En esos lugares la opción propia de vivir pasó a las manos de otros, los cuales, además de quitarle la libertad y la vida a miles de víctimas, llevaron su poder autoritario a decidir sobre los nacimientos de los hijos naturales de muchas prisioneras. En esos centros clandestinos de detención se estima que hubo entre 400 y 500 nacimientos de embarazadas que llegaron forzadamente. Después de vivir más de siete meses de gestación en las peores condiciones, las madres eran llevadas a otras habitaciones donde el Grupo de Tareas montó una estructura física y alimenticia para brindar las “condiciones óptimas” de un parto. Cuando la situación se complicaba, en complicidad con algunos médicos, las progenitoras eran llevadas al Hospital Naval. Los recién nacidos se entregaban a los integrantes de fuerzas represivas que, los daban en adopción a sus allegados o a nuevas familias. Mientras esto sucedía, las madres eran trasladadas o desaparecidas para siempre sin haber compartido con sus hijos algún instante de alegría.   

En el sótano, además de preparar a las personas trasladadas, se daban los interrogatorios bajo tortura y se brindaban las condiciones para el trabajo forzado. El trabajo allí se centraba en la elaboración y falsificación de documentos para funcionarios y personas vinculadas directamente en la dictadura que viajaban dentro y fuera del país. Además de eso, se comenzó a producir parte del material audiovisual de propaganda oficial de la dictadura que luego era enviado a la prensa nacional e internacional. Estas labores resultaron ser fundamentales para la junta militar que, encabezada por Jorge Rafael Videla, buscó desmentir las constantes denuncias de violación de derechos humanos.

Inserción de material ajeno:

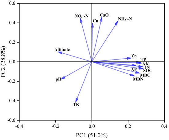 Principal component analysis of altitude and soil chemical properties. Note: SOC—soil organic carbon, AP—available phosphorus, AK—available potassium, TP—total phosphorus, TN—total nitrogen, TK—total potassium, MBC—microbial biomass carbon, MBN—microbial biomass nitrogen.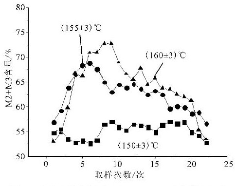 圖3 不同反應(yīng)溫度下M2+M3含量的變化

Esto generó campañas como la de “Los argentinos son derechos y humanos” y la proliferación de discursos contra medios de comunicación extranjeros, los cuales, eran acusados de promover propagandas “anti-argentinas”. Por su parte, la Cancillería creó la Dirección General de Prensa y Difusión. Con el Centro Piloto de Paris ubicado en la Embajada Argentina en Francia, su objetivo era coordinar acciones de propaganda en el exterior y enviar información que pudiera hacer frente a las denuncias tempranas hechas por exiliados, familiares de desaparecidos y organizaciones de derechos humanos.

En el antiguo ESMA también se encuentran los dormitorios de los cadetes, algunas de las oficinas de los oficiales, el casino y otras dependencias de la Armada Nacional que evidenciaban un funcionamiento “Normal” del complejo militar. Como cierre del recorrido, los visitantes pueden ver a partir de proyecciones video-gráficas cómo han ido avanzando los procesos judiciales contra los máximos responsables. Conocer casi en “carne propia” este periodo oscuro de la historia argentina, ha permitido desde este el Espacio -Declarado Monumento Histórico Nacional en agosto del 2008- reivindicar a la Memoria como la principal herramienta para la justicia y la no repetición.

Uno de los mejores homenajes que puede hacerse a los más 5.000 retenidos en el lugar es privilegiar la verdad, buscar la lucha de los derechos y dejar mensajes de paz, en los cuales, prevalezcan en las nuevas generaciones que, aparte de las visitas guiadas que se programan para sus escuelas semanalmente, abran la puerta a la posibilidad de cambio y de paz que miles de víctimas quieren para todo el mundo.

¡Trabajemos por un Espacio para la Memoria y para la promoción y Defensa de los Derechos Humanos en Colombia!